Brent futures rose 73 cents, or 1.6 per cent, to settle at $45.86 a barrel, while U.S. West Texas Intermediate (WTI) crude rose 73 cents, or 1.7 per cent, to settle at $43.35.

That was the highest closes for both benchmarks since March 5, the day before Saudi Arabia and Russia failed to agree on a new plan to cut output and about a week before the World Health Organization declared COVID-19 a pandemic.

U.S. producers cut crude output ahead of Hurricane Laura at a rate approaching the level of 2005′s Hurricane Katrina and also halted most oil refining along the Texas/Louisiana coast.

Laura is expected to strengthen into a major hurricane with 115 mile per hour (185 kph) winds before it strikes the coast near the Texas-Louisiana border early Thursday, according to the U.S. National Hurricane Center.

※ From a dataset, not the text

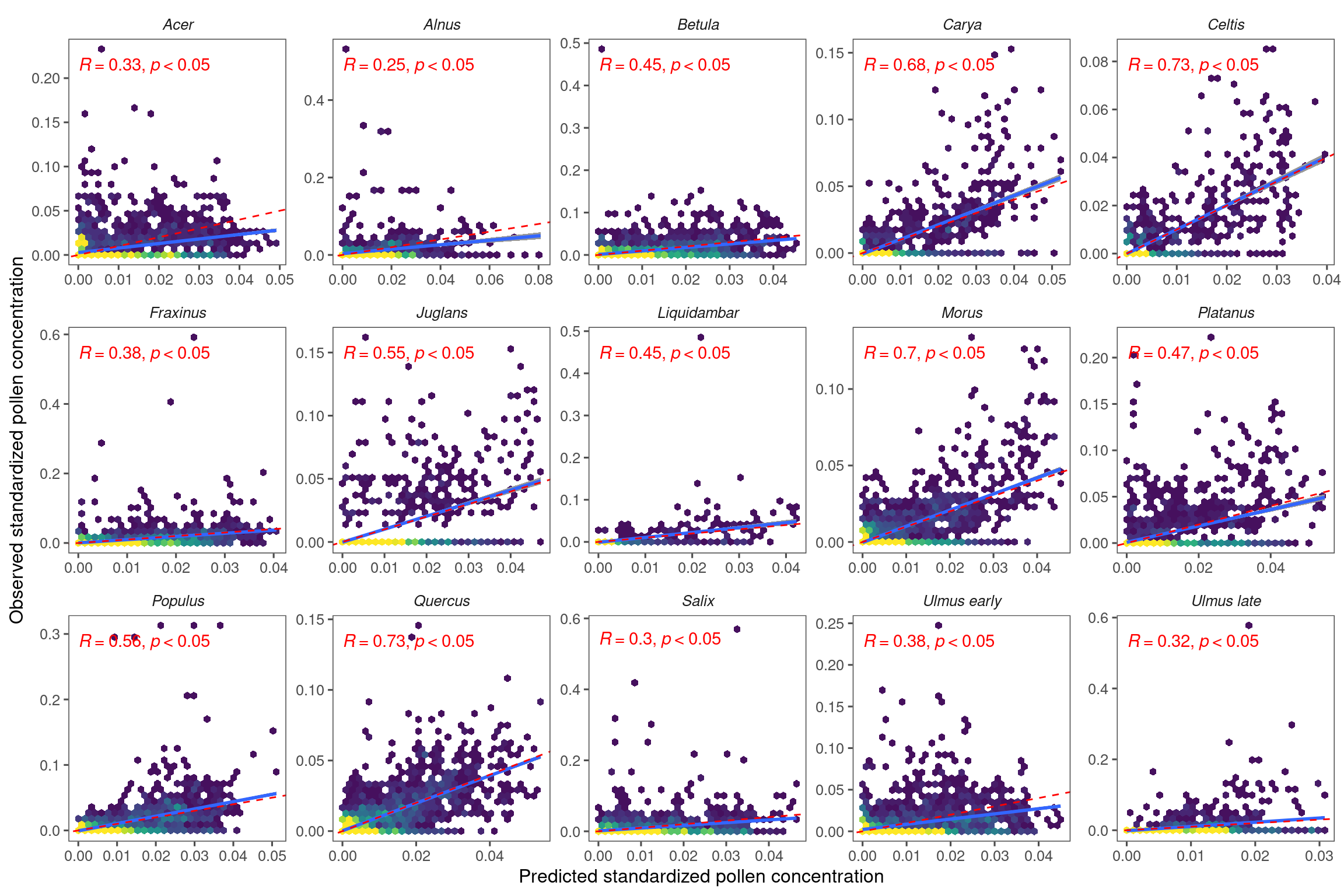 NAB data were used to calibrate and validate city-level pollen phenology.

On Tuesday, producers had evacuated 310 offshore facilities and shut 1.56 million barrels per day (bpd) of crude output, 84 per cent of Gulf of Mexico’s offshore production, near the 90 per cent outage that Katrina brought 15 years ago.

“Today’s strength was again almost entirely attributable to storm concerns,” said Jim Ritterbusch, president of Ritterbusch and Associates in Galena, Illinois, noting the storm factor would likely overshadow the weekly storage report from the U.S. Energy Information Administration (EIA).

Analysts forecast U.S. crude stockpiles fell for a fifth week in a row last week, according to a Reuters poll conducted ahead of reports from the American Petroleum Institute (API) at 4:30 p.m. (2030 GMT) on Tuesday and the government on Wednesday.

“Overall, hurricanes may be limiting supply this week ... but the market will soon again focus on the biggest hurricane of them all, COVID-19,” said Bjornar Tonhaugen, head of oil markets at Rystad Energy.

Europe is seeing a rise in coronavirus cases, including re-infection. Two re-infections were reported in Europe and one in Hong Kong.

Elsewhere, U.S. and Chinese trade officials reaffirmed their commitment to a Phase 1 trade deal.